浅田さんは「『タイトルは知っている』『聖地になる』など地元の受け止めは多様。ただ、舞台になったことでファンや若い世代に農業が注目されるとうれしい」と話す。
大山千枚田は3・2ヘクタールの水田が山の斜面に沿って広がる。“東京から最も近い棚田”として、首都圏からの観光客も多い。
棚田の景観を守るため保存会は2000年、棚田オーナー制度=「ことば」参照=を開始。首都圏在住者らを対象に水田約1アールを1口3万円で貸し出す。オーナーは草刈りや田植え、収穫で年7回ほど棚田に訪れる。年間1万人超を受け入れ、都市農村交流を続ける。

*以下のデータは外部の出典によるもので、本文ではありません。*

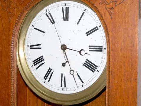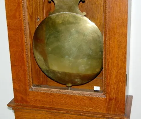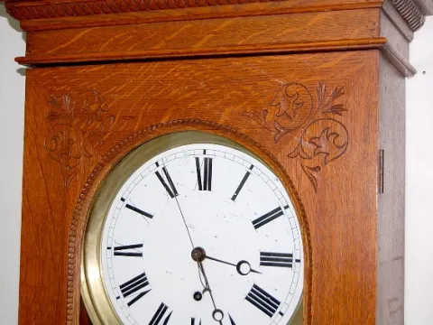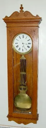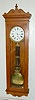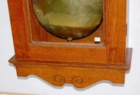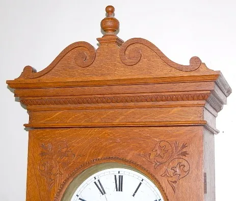 porcelain dial; sweep second hand; nice carved oak case; brass trim and lyre pendulum. 75" x 23"...
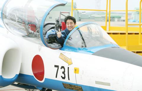 Major South Korean newspapers splashed a photograph of Japanese Prime Minister Shinzo Abe in a military trainer jet on their front pages yesterday, saying it was a reminder of Japan’s colonial-era atrocities.
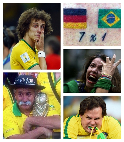 可是足球是圆的,永远让你无法确定它会转到哪个角度停下。我想这一天,全世界没有一个人想到7:1的结局,除了赌球坐庄者也许还在点头微笑。巴西队——你还敢再丢人一点吗?当然,很多人终于心中卸下了包袱——中国队原来也没什么值得看不起自己的,你看,还有比你更过分的呢!人家还是大牌,脸皮更薄不是?也没怕打脸啊!
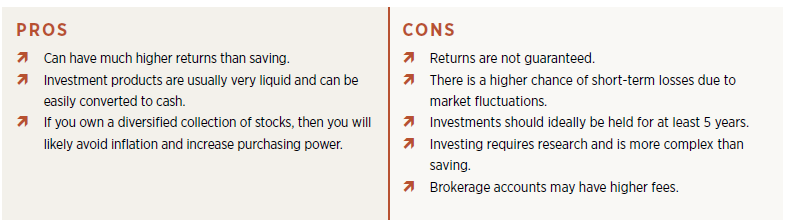 Overall, saving is better if you need the money within the next few years. Investing is more suitable if you don’t need the money for at least 5 years and are comfortable with risk. Regardless of your choice, it is good practice to keep enough money in your checking account to cover a month’s worth of bills and maintain 3–6 months of expenses in your savings for emergencies. After that, you should prioritize saving for retirement.
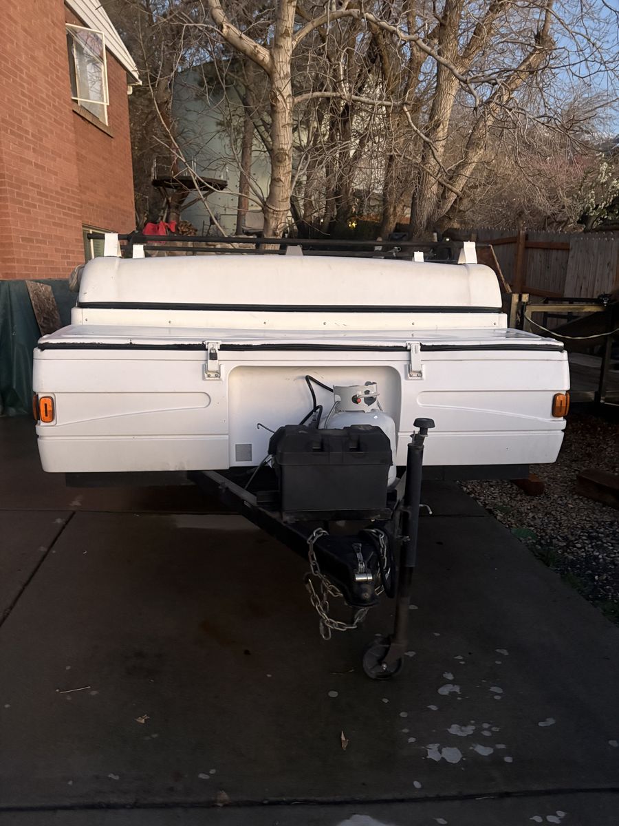 2queen size pull out beds, optional bed over the kitchen table area, kitchen sink and stove, dinning table area, refrigerator, heater, hot water heater, plenty of inside storage under cushions benches and cabinets, separate storage compartment in front, roof rack, new heavy duty leveling jacks, new tires, 2 propane hook ups, battery box, optional outside stove and side wall mount, awning, rear hitch for bike rack or for storage rack. Trailer is in great shape for its year and has not had a lot of use. I have maintained it well over the years and are the original owners, let me know if you have any questions, it is ready for camping!

農作物を育てる苦労や田舎のなりわいを肌で感じてもらうため、農家は指導に徹し、客扱いしない。当初、39組だったオーナー数は今年度、160組に達した。
理事長の石田三示さん(69)は「食べて、生きることの達成感は田舎でしか味わえない」と魅力を語る。

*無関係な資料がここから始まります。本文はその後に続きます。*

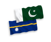 Nauru and Pakistan Flags Crossed And Waving Flat Style. Official Proportion. Correct Colors.
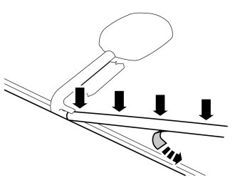 - First position the antenna cable's hooked part and then continue pressing the cable and antenna into place along the tape markings. Press hard so that the tape affixes securely.
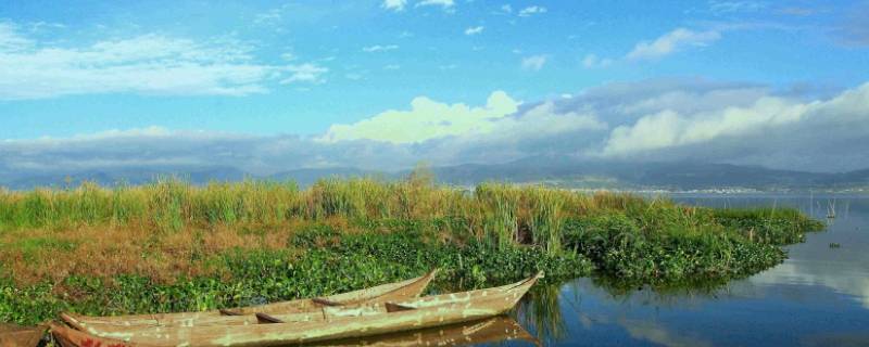 2、通海杞麓湖:杞麓湖位于通海县城北,风光绚丽,婀娜多姿,每当风平浪静,天空一碧如洗之时,湖面从东到西便出现一条长达数丈的湛蓝色带,古人称这奇景为“湖水拖蓝”,是通海八景之一。
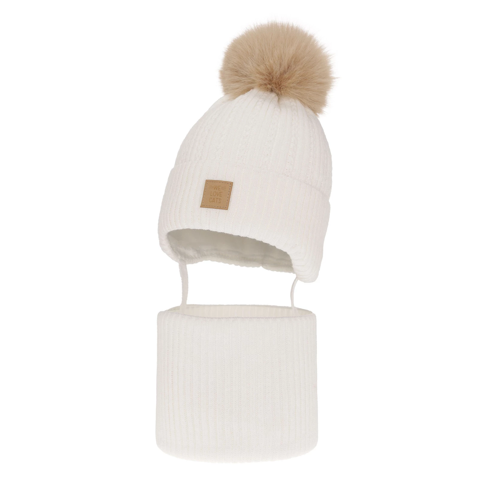 Czapka i komin dla dziewczynki zimowy komplet, biały, z pomponem Betty
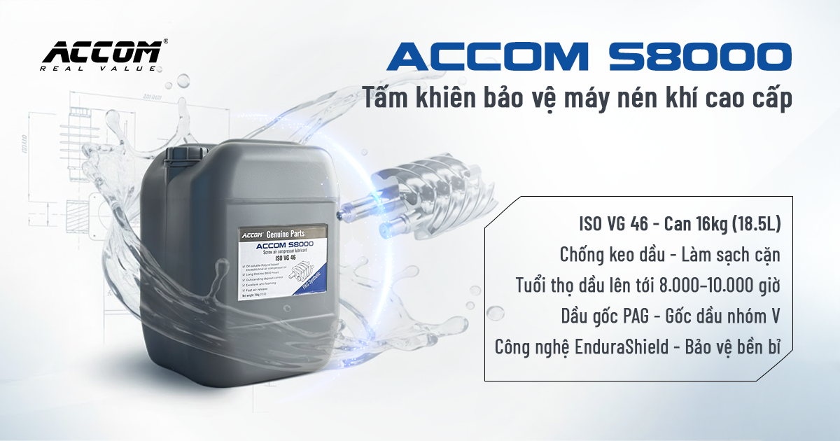 ACCOM S8000 là dòng dầu được làm ra cho máy nén khí chạy nặng, chạy lâu, chạy liên tục.
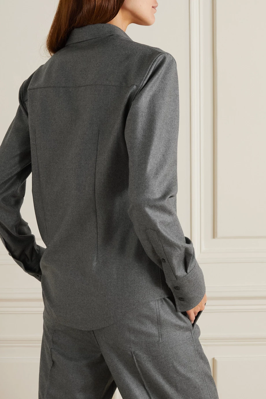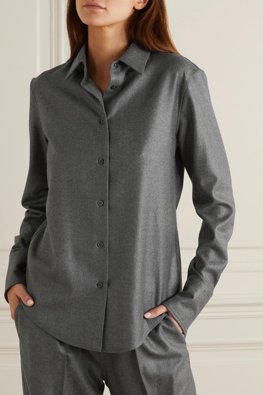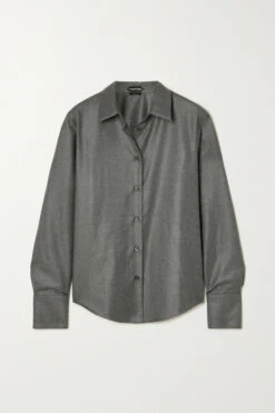TOM FORD’s shirt is cut from cashmere-twill chosen for its softness and warmth. It’s cut in classic silhouette with a sharp collar, structured cuffs and curved hem. Style yours with tonal pants and heels.
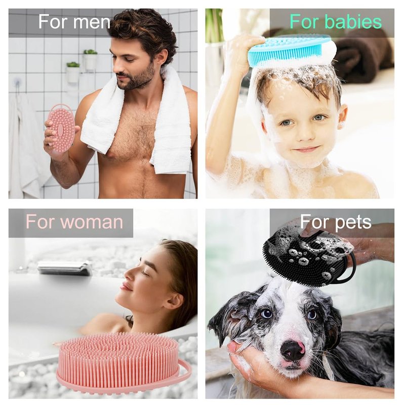 - Functional: The bristles of our body scrubber are soft and tough to clean your sensitive and all kinds of skin. It can be as a shower scrubber, facial brush, massage brush. It also can be as a dish brush in your kitchen if you need. These silicone body brush for showering are great gift for family and friends. Suitable for men, women and all. Set of 3 combinations of different colors
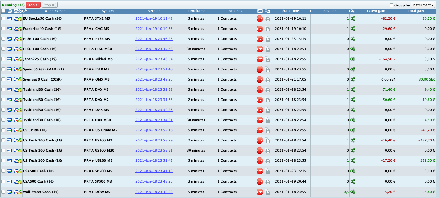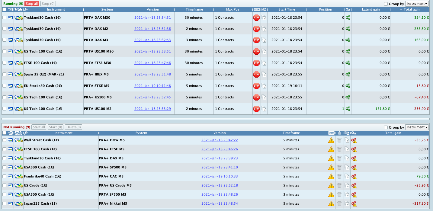 Based on the start time of your algos I can conclude that you missed a winning trades on PRA+ FTSE M5, PRA+ SP500 M5, PRA+ IBEX M5, PRA+ US500 M5, PRA+ IBEX M5 and PRTA SP500 M3.

北海道のJA道央青年部長で、アニメや漫画といったサブカルチャーに詳しい岡村若桜さん(37)も同作で農業が描かれたことに注目する。
中学生の頃、エヴァンゲリオンを視聴した岡村さんは、25年越しのシリーズ完結に「キャラクターの成長と自分の人生を重ねた」と語る。
岡村さんは、江別市で水稲や野菜を75ヘクタールで栽培する傍ら、農業とサブカルチャーを紹介するインターネット番組を配信する。本音のトークが人気だ。
岡村さんはこのほど、有名ラジオ番組にゲスト出演。同作で描かれた田植えの方法や農機具の使い方などを、農家視点で解説した。岡村さんは「農村が登場人物の濃密な人間関係を描く舞台の一つになっている」と話す。
<ことば> 棚田オーナー制度
希望者が年会費を払い、農産物を栽培しながら棚田を保全する。収穫物はオーナーのものになる。1992年に高知県梼原町で始まった。NPO法人棚田ネットワークによると現在、全国32府県の約80カ所でオーナーを募集する。農家の高齢化で日常的なあぜの管理などが課題となっている地域もある。